The alternative on which the new competition is based comes from Hector Levesque, Professor of Computer Science at the University of Toronto, and winner of the 2013 IJCAI Award for Research Excellence for his work on a variety of topics in knowledge representation and reasoning. He called it the Winograd Schema Challenge as it elaborates ideas from Terry Winograd who is known for developing an AI-based framework for understanding natural language.
In his 2011 paper Levesque states:
Like the the original [Turing test] it involves responding to typed English sentences, and English-speaking adults will have no difficulty with it. Unlike the original, the subject is not required to engage in a conversation and fool an interrogator into believing she is dealingwith a person. Moreover, the test is arranged in such a way that having full access to a large corpus of English text might not help much. Finally, the interrogator or a third party will be able to decide unambiguously after a few minutes whether or not a subject has passed the test.
As a example of a Winograd Schema question, consider the following:
The trophy would not fit in the brown suitcase because it was too big. What was too big? Answer 0: trophy / Answer 1: suitcase
This is an ambiguous question because "it" could refer either to the trophy or to the suitcase. The "right" answer is immediately obvious to a human who will draw on knowledge about the relatives sizes of suitcases and trophies and it is probably not subtle enough to fool a computer.
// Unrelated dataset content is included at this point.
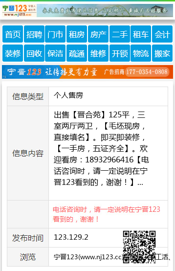 出售【晋合苑】125平,三室两厅两卫,【毛坯现房,直接填名】。即买即装修,【一手房,五证齐全】。欢迎看房:18932966416 【电话咨询时,请一定说明在宁晋123看到的,谢谢!】 |

But others are more subtle.
Consider the example derived from Winograd':
The town councillors refused to give the angry demonstrators a permit because they feared violence.Who feared violence?
Levesque has four rules for producing suitable sentences and their questions:
Two parties are mentioned in a sentence by noun phrases. They can be two males, two females, two inanimate objects or two groups of people or objects.
A pronoun or possessive adjective is used in the sentence in reference to one of the parties, but is also of the right sort for the second party. In the case of males, it is "he/him/his"; for females, it is "she/her/her" for inanimate object it is "it/it/its," and for groups it is "they/them/their."
The question involves determining the referent of the pronoun or possessive adjective. Answer 0 is always the first party mentioned in the sentence (but repeated from the sentence for clarity), and Answer 1 is the second party.
There is a word (called the special word) that appears in the sentence and possibly the question. When it is replaced by another word (called the alternate word), everything still makes perfect sense, but the answer changes.
To see how the final rule introduces complexity when the words are not opposites like "big" and "small" consider:
Paul tried to call George on the phone, but he was not __ Who was not __? Answer 0: Paul / Answer 1: George special: successful / alternate: available
For the annual competition, which is open to individuals or teams, the test will consist of at least 40 Winograd Schemas, with a non-repetitive set of test questions supplied each year.
The 2015 Commonsense Reasoning Symposium, to be held at the AAAI Spring Symposium at Stanford from March 23-25, 2015, will include a special session for presentations and discussions on progress and issues related to the Winograd Schema Challenge.
The new test sounds as if it might be more difficult than the current chatbot-oriented circus, but as it is formulated it is more specific. With only 40 Winograd schemas it seems very likely that a look up approach can be invented leading to just another collection of "chatbots" targeted at particular types of language analysis. Language does sometimes embody the full range of human intelligence, but whenever it is restricted it becomes possible to reproduce it without mastering AI.